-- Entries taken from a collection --
::::::::

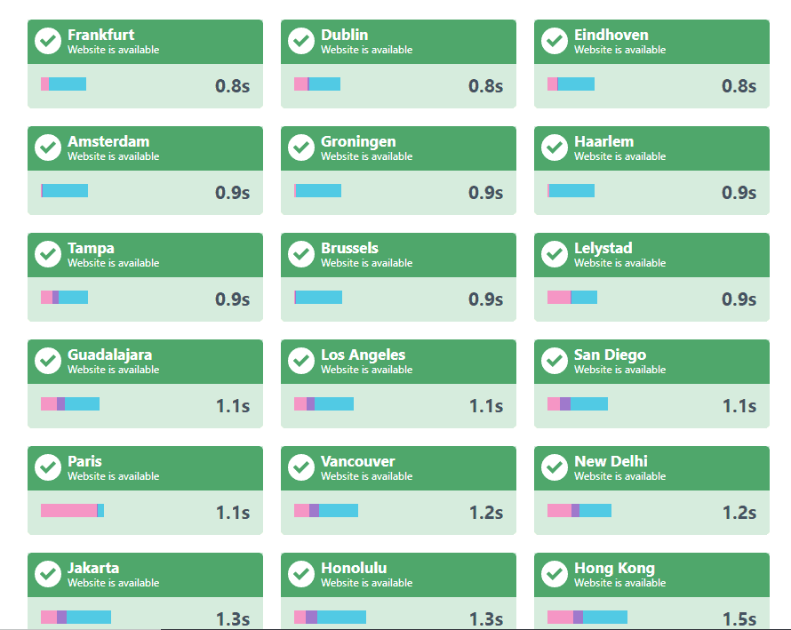 The Mumbai server had a response time of 5 ms for the Web Warp plan. A speedy server response time is guaranteed by the Indian data center. Thus, US servers had the longest response time, ranging from 254 milliseconds to 329 milliseconds. The Singapore server has a latency of 60 ms.
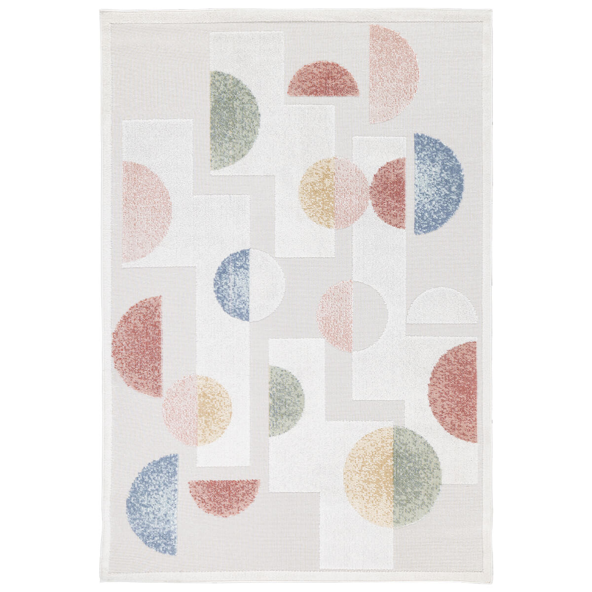 שטיח אווירה בעיצוב בלתי נשכח. מעוטר בדוגמא גיאומטרית מרהיבה המשלבת עיגולים יפיפיים בשלל צבעים. הדוגמא האוורירית של השטיח מאפשרת להוסיף צבע ועניין לכל חלל מבלי לייצר מראה עמוס. מתאים גם כשטיח חוץ, בגינה או במרפסת.
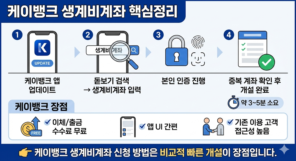 👉 케이뱅크 생계비계좌 신청 방법은 비교적 빠른 개설이 장점입니다.
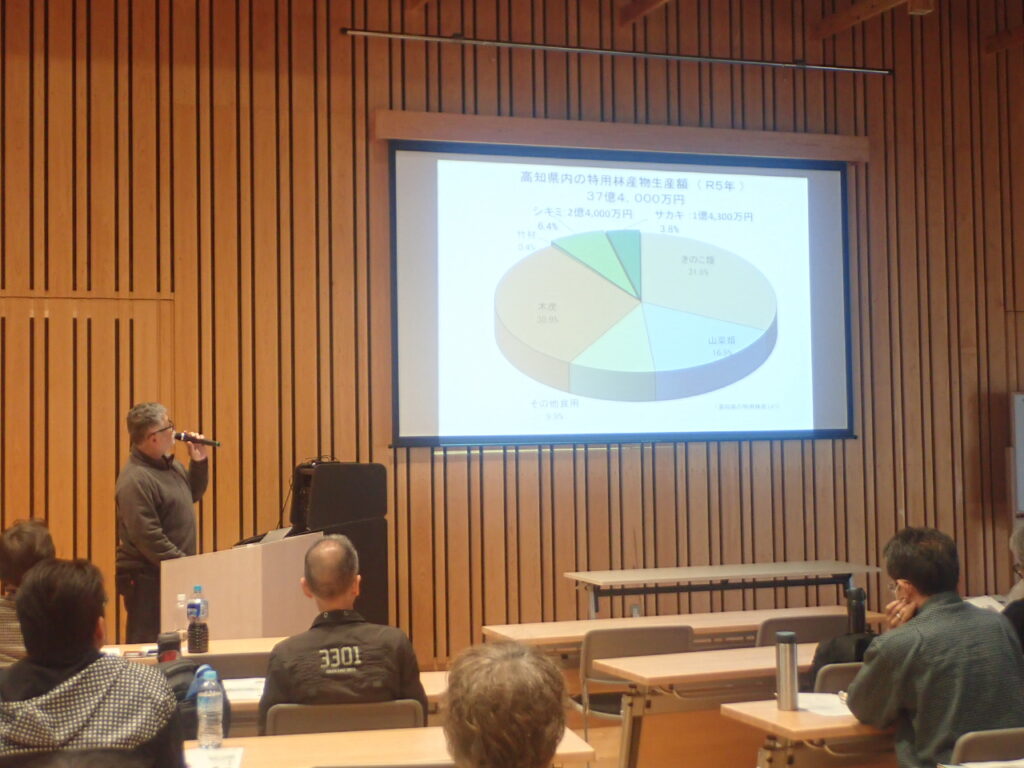 1日目は、森林技術センター藤本浩平チーフから、シキミ・サカキの生産状況や市場の話、栽培方法、病虫害対策について学びました。
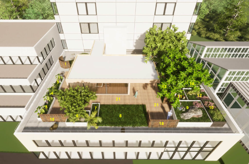 In het ontwerp is rekening gehouden met de nodige afwatering, noodzakelijk onderhoud, een mooi uitzicht vanuit de serre, goede toegankelijkheid en de nodige privacy voor patiënten, bezoekers en personeel. Ook is gedacht aan tuinmeubilair en buitenverlichting.De artist impressions van de daktuin geven een goede indruk van hoe het er straks uit gaat zien. Hieronder vind je een plattegrond, waaropje precies kunt zien hoe de daktuin is ingericht.
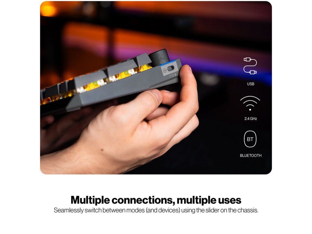 Nová generace bezdrátových mechanických klávesnic byla přepracována pro maximální pohodlí a univerzálnost. Klávesnice nabízí plnohodnotné rozložení US ANSI se 104 klávesami a umožňuje připojení přes Bluetooth, 2,4GHz bezdrátový přijímač nebo USB kabel s možností snadného přepínání mezi zařízeními.

::::::::

-- The problem --
Excluding all pictures, reproduce the records exactly as they appear above.

-- Reply --
 The Mumbai server had a response time of 5 ms for the Web Warp plan. A speedy server response time is guaranteed by the Indian data center. Thus, US servers had the longest response time, ranging from 254 milliseconds to 329 milliseconds. The Singapore server has a latency of 60 ms.
 שטיח אווירה בעיצוב בלתי נשכח. מעוטר בדוגמא גיאומטרית מרהיבה המשלבת עיגולים יפיפיים בשלל צבעים. הדוגמא האוורירית של השטיח מאפשרת להוסיף צבע ועניין לכל חלל מבלי לייצר מראה עמוס. מתאים גם כשטיח חוץ, בגינה או במרפסת.
 👉 케이뱅크 생계비계좌 신청 방법은 비교적 빠른 개설이 장점입니다.
 1日目は、森林技術センター藤本浩平チーフから、シキミ・サカキの生産状況や市場の話、栽培方法、病虫害対策について学びました。
 In het ontwerp is rekening gehouden met de nodige afwatering, noodzakelijk onderhoud, een mooi uitzicht vanuit de serre, goede toegankelijkheid en de nodige privacy voor patiënten, bezoekers en personeel. Ook is gedacht aan tuinmeubilair en buitenverlichting.De artist impressions van de daktuin geven een goede indruk van hoe het er straks uit gaat zien. Hieronder vind je een plattegrond, waaropje precies kunt zien hoe de daktuin is ingericht.
 Nová generace bezdrátových mechanických klávesnic byla přepracována pro maximální pohodlí a univerzálnost. Klávesnice nabízí plnohodnotné rozložení US ANSI se 104 klávesami a umožňuje připojení přes Bluetooth, 2,4GHz bezdrátový přijímač nebo USB kabel s možností snadného přepínání mezi zařízeními.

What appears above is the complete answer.